Furthermore, as the dry coal preparation technology does not use water, it has less environmental problems such as wastewater treatment and is essential for coal mines in Mongol and other places where it is difficult to use water. This method is highly economical because the cost for plant installation and operating is about 50% of the conventional wet processes using water.

 

The plant used for this field demonstration was a dry coal preparation system based on ‘KAT-Table’ developed by the lead of Dr. Byoung Gon Kim from KIGAM. It separates light particles which consisted of pure coal from the heavy gangue particles that contain many mineral impurities by their difference of specific gravity without water.
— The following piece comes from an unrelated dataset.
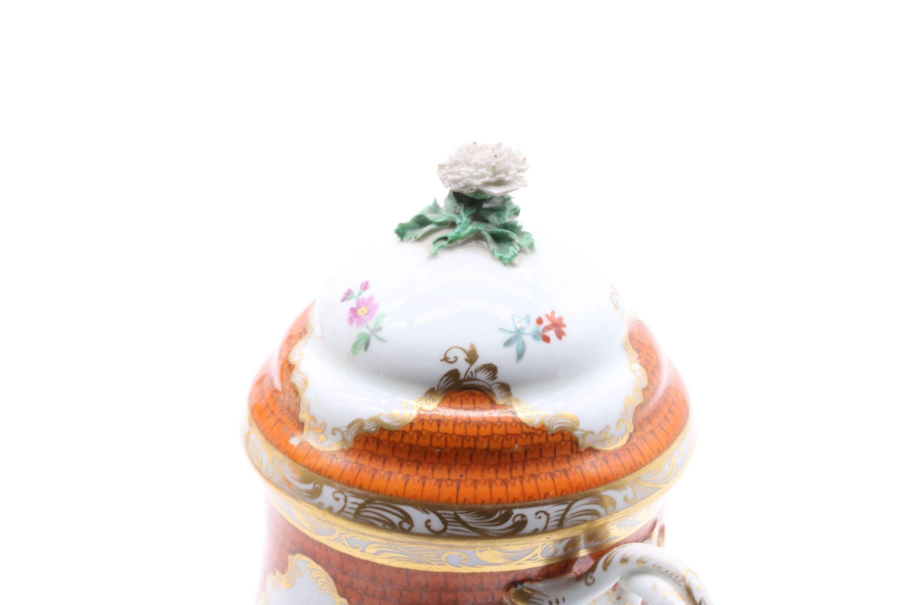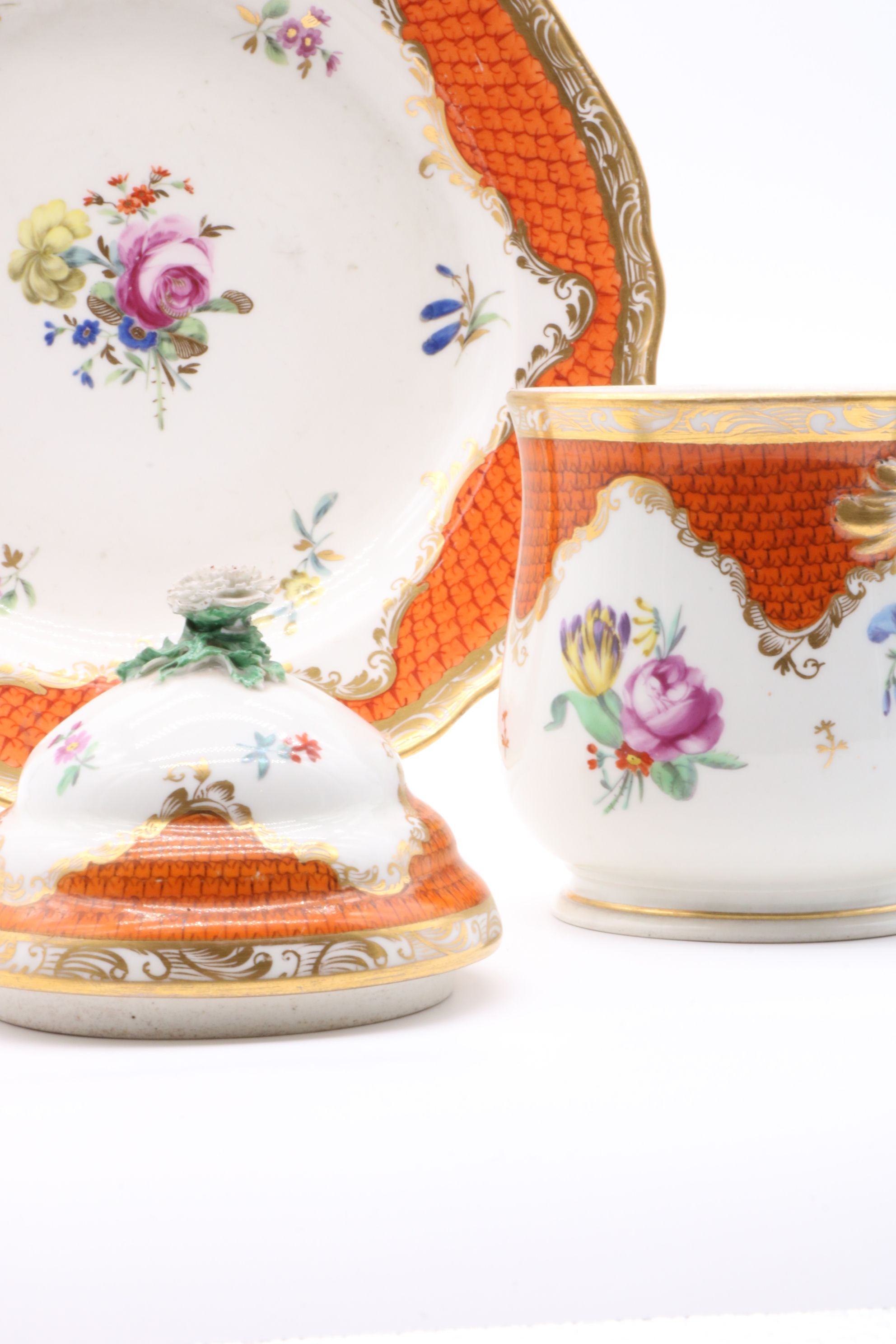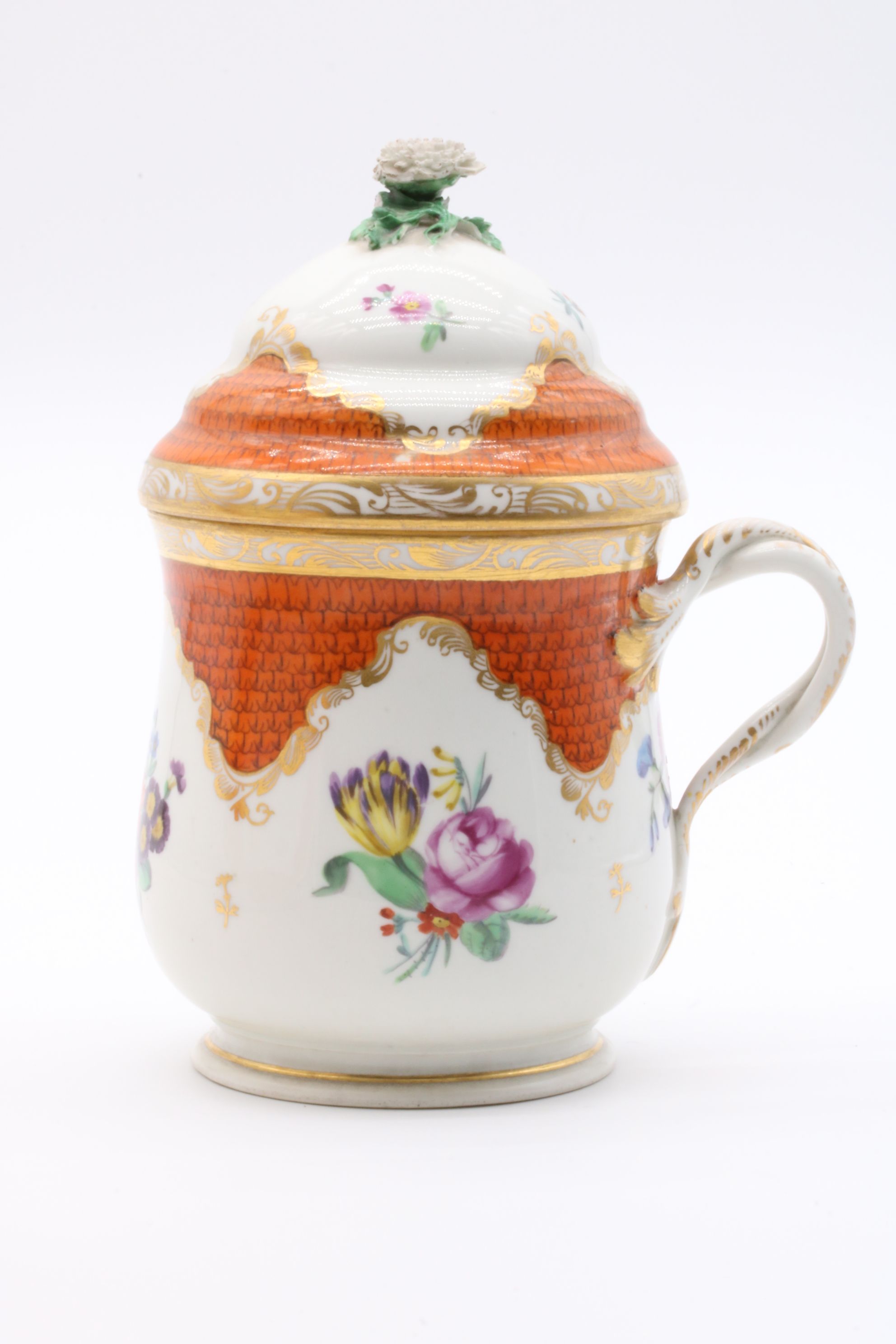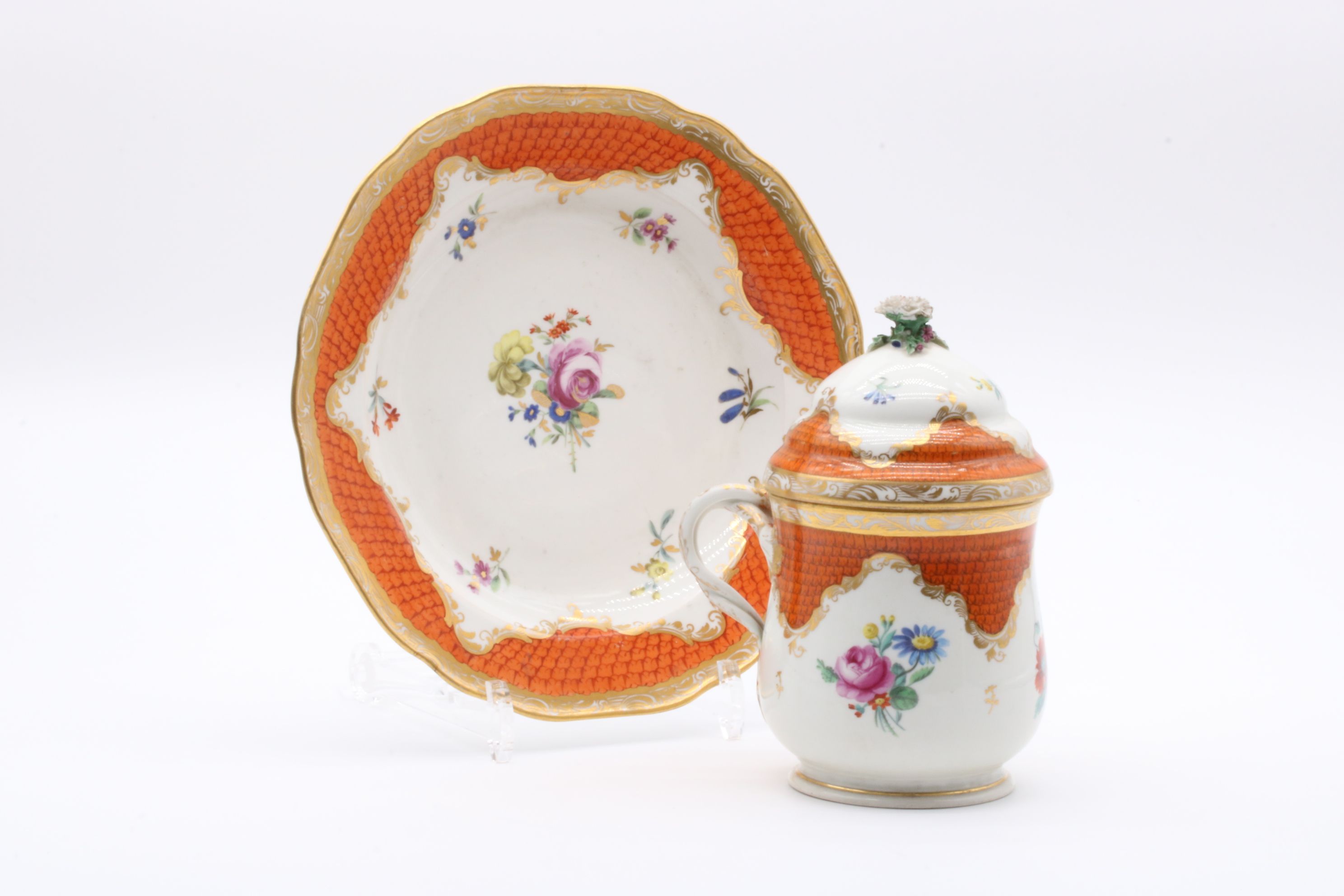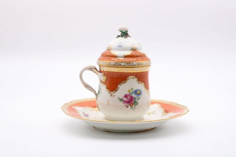 Pot couvert et son présentoir en porcelaine de Vienne à destination du marché ottoman appelé « Cherbetlik » (afin de boire la boisson turque « sahlep »). L’ensemble est en porcelaine polychrome à dominante corail et rehaussée d’or. De nombreux motifs floraux et de motifs d’écailles festonnées ornent le couvercle, le pot et l’assiette. Le couvercle présente une fleur en porcelaine sur son dessus et le pot possède une anse simulant des branchages entrelacés. Marque à l’écusson peinte en bleu sous couverte Epoque XVIIIe siècle Restaurations d’usage H. 18,5 x D. 10 cm (pot) D. 24,5 cm (assiette)

The KAT-Table dry coal preparation technology (developed and patented by KIGAM) was developed to separate low-grade coal by using the difference in specific gravity of coal and gangue in mines. As coal preparation is possible at mines, the transportation cost to the coal preparation site can be saved, and the gangue removed from the coal preparation can be used to reclaim the mines, thus contributing to the prevention of environmental pollution caused by mining.

 

The checkpoints were to verify whether the developed system can run continuously at 10 tons/hour or higher capacity and whether it can process even coal particles of 10 mm or smaller which is known as the limit of the commercial dry coal preparation technologies around the world (existing dry coal preparation technologies had the limitation that they are efficient for larger than 20mm coal particles).

In the actual demonstration, the system continuously processed 10 mm or smaller low-grade bituminous coal from Mongol (52% ashes, calorie about 3,500kcal/kg) at 10 tons/hour, achieving 85% of combustible matter recovery and 86% of ash removal rate. It successfully produced high-grade coal with the ash content of 14.6% and the calorie of 6,900kcal/kg.

Furthermore, the system could sort out domestic low-grade anthracites (ashes 53%, calorie about 3,200kcal/kg, no value due to low calorie) at 67% combustible matter recovery and 80% ash removal rate, preparing them into thermal coal resources with the ash content of 25.6% and the calorie of 5,500kcal/kg.

 

In particular, at this demonstration and technical briefing, KIGAM and the Mine Reclamation Corporation jointly held a meeting for domestic and international coal industry end-user partnership networking session in which more than 20 government officials from major coal-producing Asian countries such as Indonesia, India, Malaysia, Myanmar, and Vietnam as well as people from domestic and international coal industries participated.

 

In order to complete this high efficient dry coal preparation technology as a competitive technology in the global market and utilize the cheap low-grade coal (bituminous coal/lignite) in energy crises, we need to achieve technology commercialization for at least 50 tons/hour per unit system.